### Records provided
####################

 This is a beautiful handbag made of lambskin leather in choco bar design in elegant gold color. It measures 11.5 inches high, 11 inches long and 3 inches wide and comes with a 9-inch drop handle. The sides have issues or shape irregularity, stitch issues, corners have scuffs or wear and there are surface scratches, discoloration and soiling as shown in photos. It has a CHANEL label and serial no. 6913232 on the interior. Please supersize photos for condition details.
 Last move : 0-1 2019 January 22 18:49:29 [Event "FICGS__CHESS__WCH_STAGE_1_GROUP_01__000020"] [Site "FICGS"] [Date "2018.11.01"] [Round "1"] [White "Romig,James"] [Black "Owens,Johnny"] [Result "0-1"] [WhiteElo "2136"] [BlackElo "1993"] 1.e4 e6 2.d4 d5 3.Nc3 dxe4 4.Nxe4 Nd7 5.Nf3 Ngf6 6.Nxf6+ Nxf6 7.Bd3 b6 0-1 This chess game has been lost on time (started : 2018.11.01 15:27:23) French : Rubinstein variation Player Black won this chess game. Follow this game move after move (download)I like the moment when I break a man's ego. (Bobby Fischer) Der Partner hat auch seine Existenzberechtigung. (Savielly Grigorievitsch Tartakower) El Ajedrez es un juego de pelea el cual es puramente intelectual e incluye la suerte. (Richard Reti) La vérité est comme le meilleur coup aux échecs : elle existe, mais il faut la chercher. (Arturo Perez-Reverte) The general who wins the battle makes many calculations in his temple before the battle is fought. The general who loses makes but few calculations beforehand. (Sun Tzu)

####################

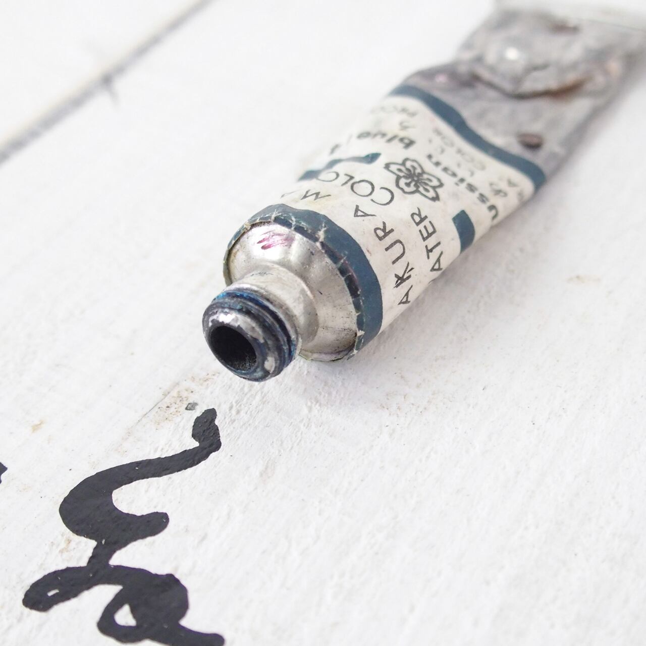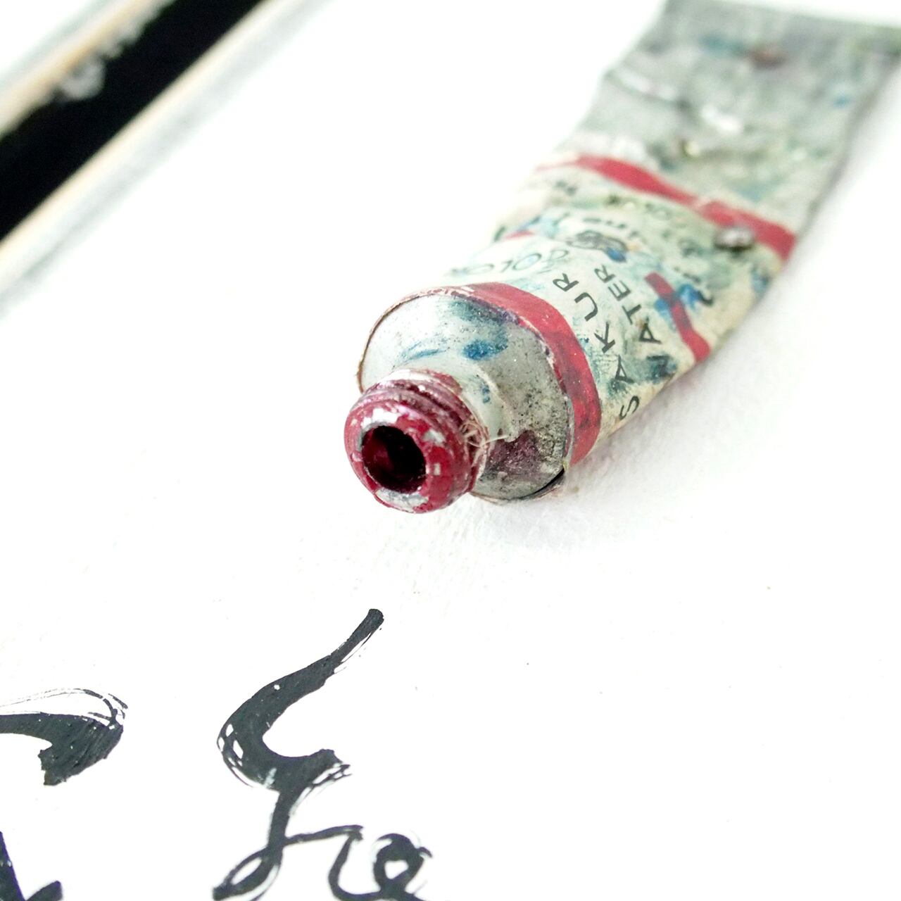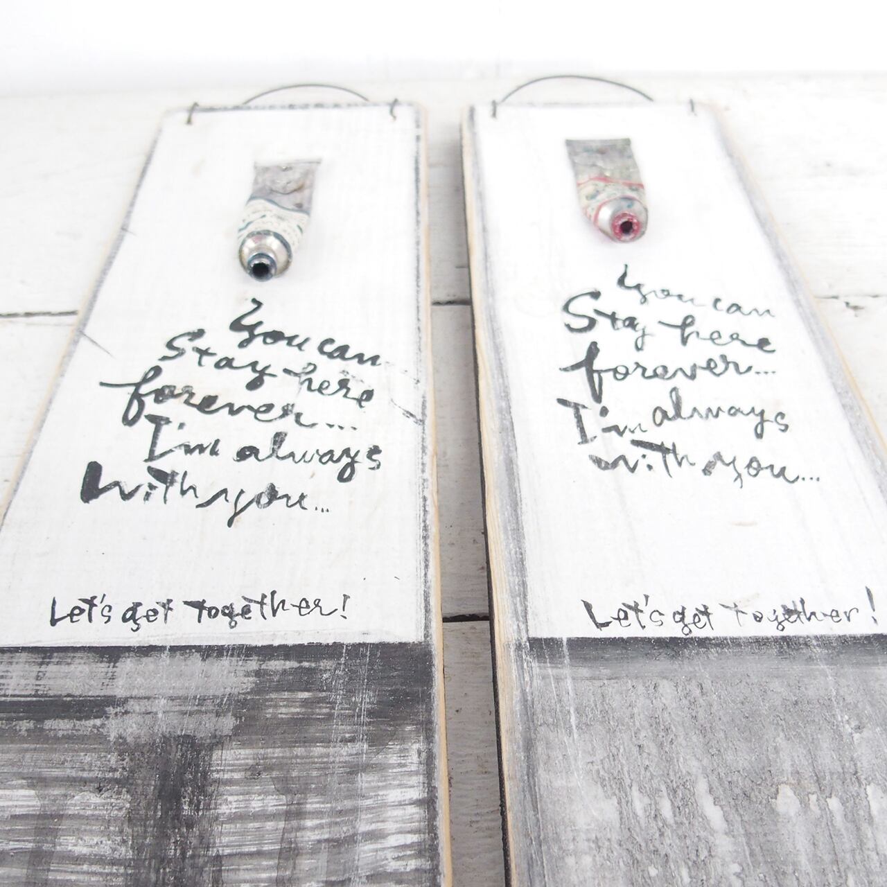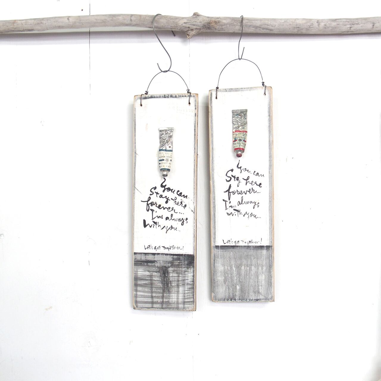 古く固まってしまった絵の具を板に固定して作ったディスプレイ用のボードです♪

####################

### Work to complete
In the listing above, find the line with "This is a beautiful" and the line with "Last move : 0-1"; set down exactly those two lines and every line between them, nothing more.

### Response
 This is a beautiful handbag made of lambskin leather in choco bar design in elegant gold color. It measures 11.5 inches high, 11 inches long and 3 inches wide and comes with a 9-inch drop handle. The sides have issues or shape irregularity, stitch issues, corners have scuffs or wear and there are surface scratches, discoloration and soiling as shown in photos. It has a CHANEL label and serial no. 6913232 on the interior. Please supersize photos for condition details.
 Last move : 0-1 2019 January 22 18:49:29 [Event "FICGS__CHESS__WCH_STAGE_1_GROUP_01__000020"] [Site "FICGS"] [Date "2018.11.01"] [Round "1"] [White "Romig,James"] [Black "Owens,Johnny"] [Result "0-1"] [WhiteElo "2136"] [BlackElo "1993"] 1.e4 e6 2.d4 d5 3.Nc3 dxe4 4.Nxe4 Nd7 5.Nf3 Ngf6 6.Nxf6+ Nxf6 7.Bd3 b6 0-1 This chess game has been lost on time (started : 2018.11.01 15:27:23) French : Rubinstein variation Player Black won this chess game. Follow this game move after move (download)I like the moment when I break a man's ego. (Bobby Fischer) Der Partner hat auch seine Existenzberechtigung. (Savielly Grigorievitsch Tartakower) El Ajedrez es un juego de pelea el cual es puramente intelectual e incluye la suerte. (Richard Reti) La vérité est comme le meilleur coup aux échecs : elle existe, mais il faut la chercher. (Arturo Perez-Reverte) The general who wins the battle makes many calculations in his temple before the battle is fought. The general who loses makes but few calculations beforehand. (Sun Tzu)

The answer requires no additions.